Krista: I wanted to add that for that reason, the things that you measure, especially at a system level, implies to everyone that these are things that are a really big deal. And so it was remarkable to me that Julia found that over 40% of hospitals had all 4Ms implemented in all units, and what that implies about commitment to older adults and their outcomes.

Eric: Now, I think about that and I think, that seems… I’ve seen a lot of different hospitals. It seems overly aggressive in probably how they’re documenting 4Ms, and what the structure that they’re actually putting in. Maybe for mobility, they’re just calling the Braden score for risk for pressure ulcers. Yeah, we do a mobility screen. It’s right there in the Braden, the nurses do. But it’s incredibly hard to find, it’s a checkbox. And honestly, for some of these nurses notes, like nobody reads them, because it’s just tons of information that’s useless. How do you guys think about that?

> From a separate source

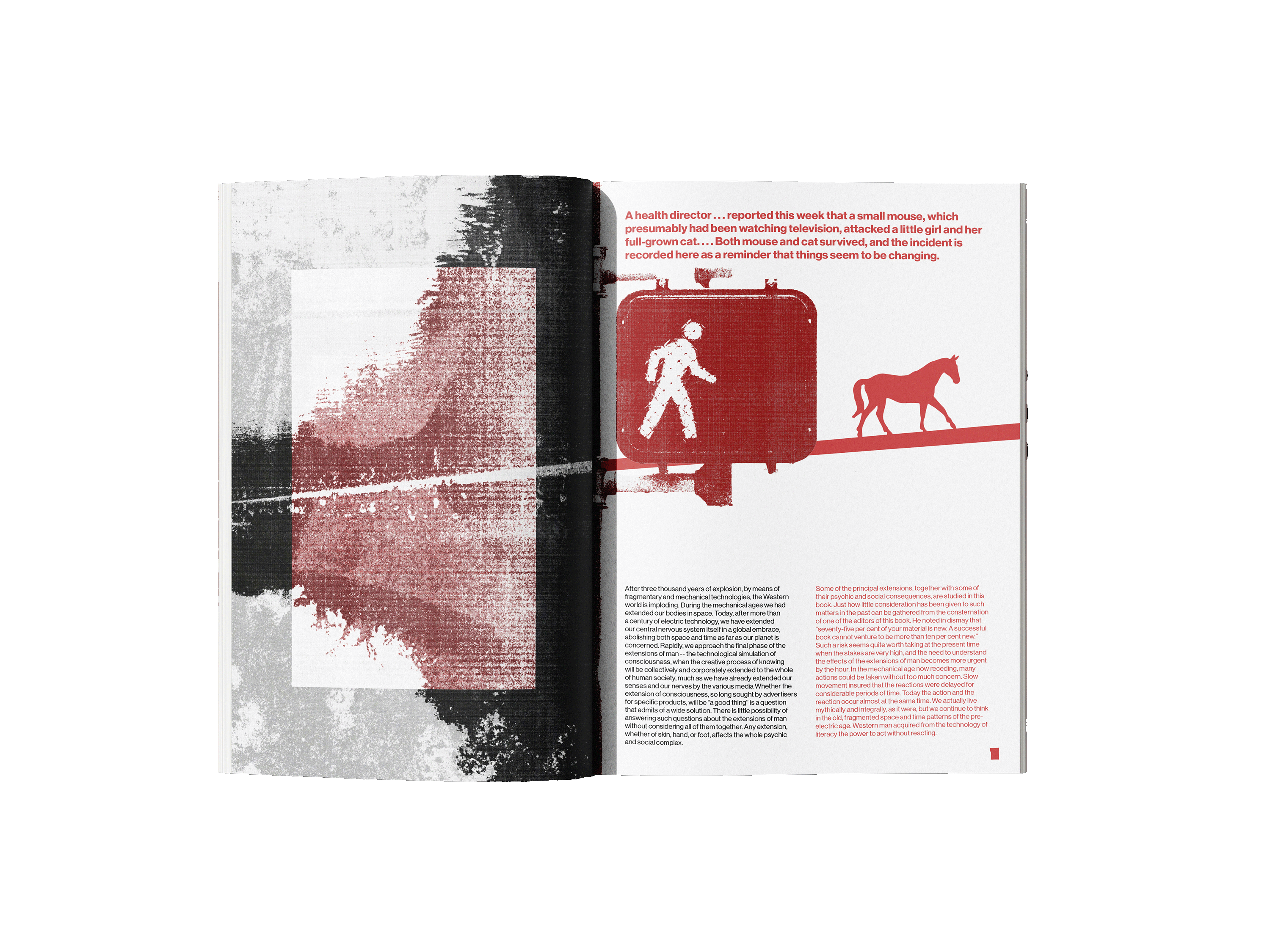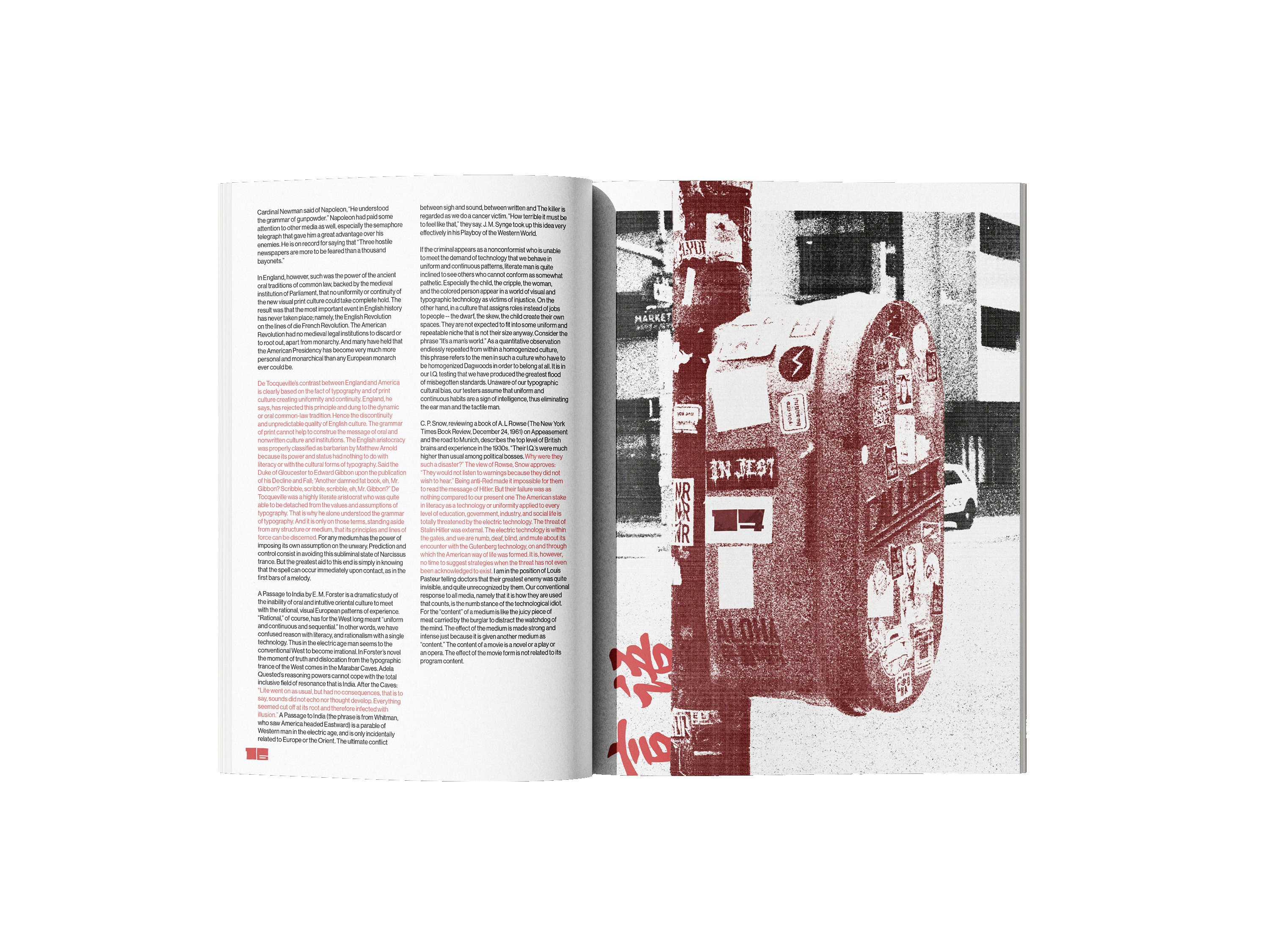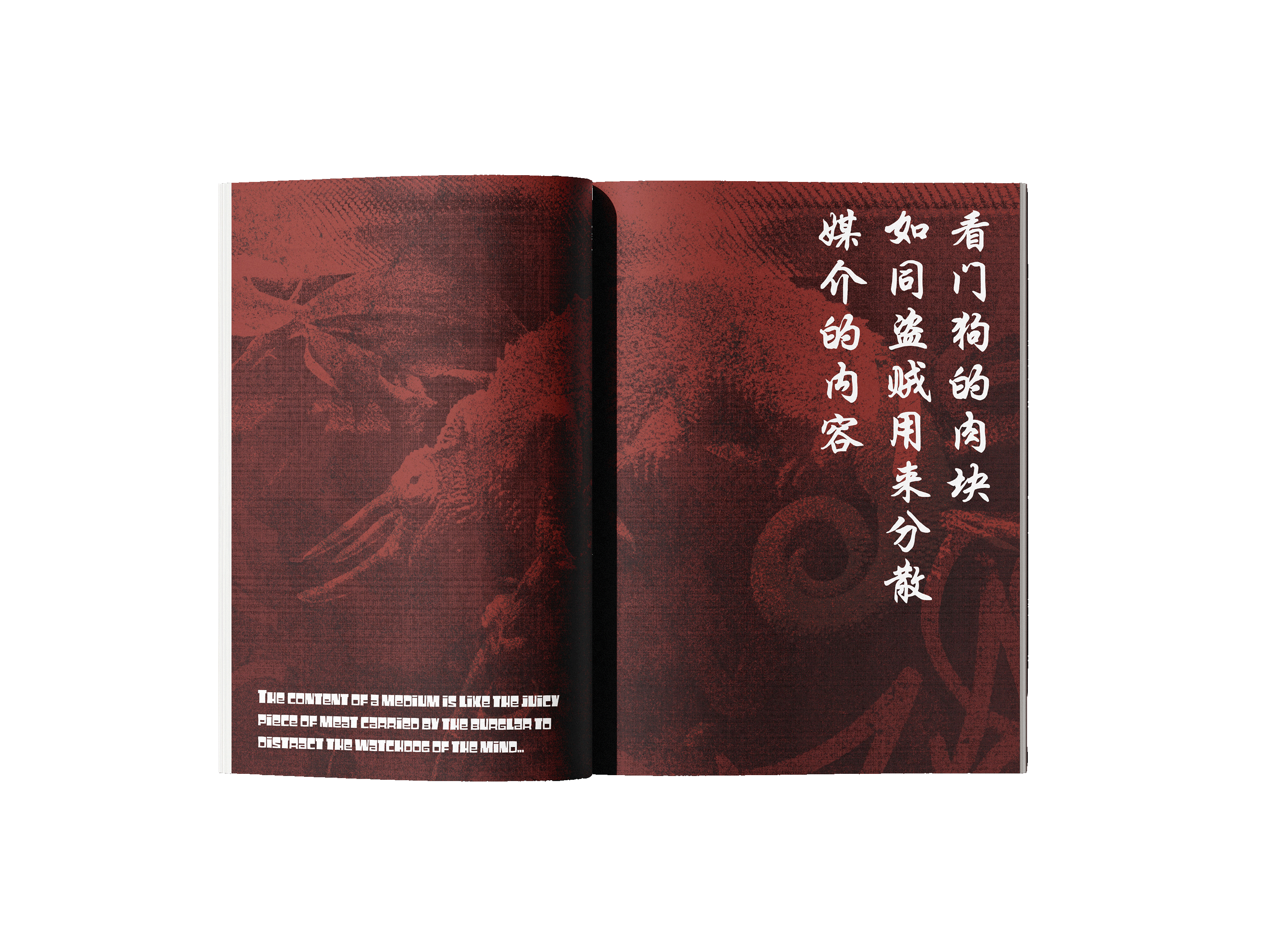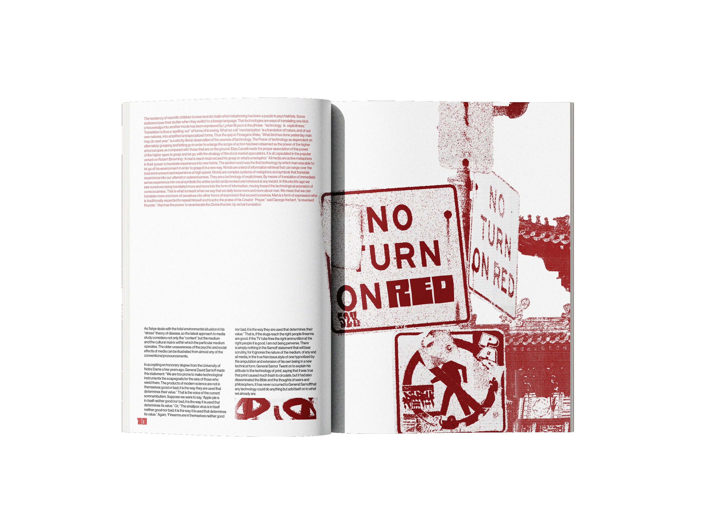 The book explores how media and technology act as extensions of human senses and abilities, shaping how people think, communicate, and experience the world. The quote “the medium is the message,” means the form of a medium influences society more than its content. Inspired by this concept, I explored how different mediums convey language and communication. By incorporating street signs and languages other than English, I designed a street art inspired book that visually shouts at the reader. The use of red emphasizes power and importance compared just as a stop sign or traffic light silently commands attention, these visual cues convey messages that are quiet yet impossible to ignore.

Julia: I think you may be right, that… especially on these surveys, right? There’s sort of, you want to get credit for everything you’re doing, and so you’re much more likely to say, yes, we’re doing something rather than we’re sort of… But again, we don’t know like what is optimal here. And so part of what we have to do, the national surveys are helpful for getting these rough measures, but I think you really then need to dig in and figure out, okay, well, even if you’re documenting, are you using the right tools? Is it in the right place? Is it being documented at the right time? It’s all of these nuanced dimensions that really matter at the end of the day to improving outcomes.

Julia: And so I think that’s where this work goes next, is figuring out what is all the variability behind that check box, and then how do we start to push our healthcare system toward the better model or models.

Stephanie: Yeah, I would agree. We know that like just screening for delirium doesn’t change delirium, right? There’s a whole process that has to go with this. And so I think a lot of what Julia is going to be looking at going forward is like, what… Everybody may be documenting something, but what are the actual processes around that that actually have the outcomes? And that takes a lot of education and lots of other things. So, and I was also going to say, I think needs change over time with health systems too. So it’s hard to know like, have we picked the right things for now? In the future, do we want to go to something else? What’s the process to reeducate everybody? There’s never an ending to this whole process. It’s always reiterative and it’s going to go forever and it’s just a constant slow improvement.

Alex: And we’ve talked a lot about the in-hospitals component and I know that, Julie, you’ve done some work of, well, what about after the hospital? If they’re going to a skilled nursing facility, which many of our older adult patients do. And what happens to this information? Could you talk more about your work in that area?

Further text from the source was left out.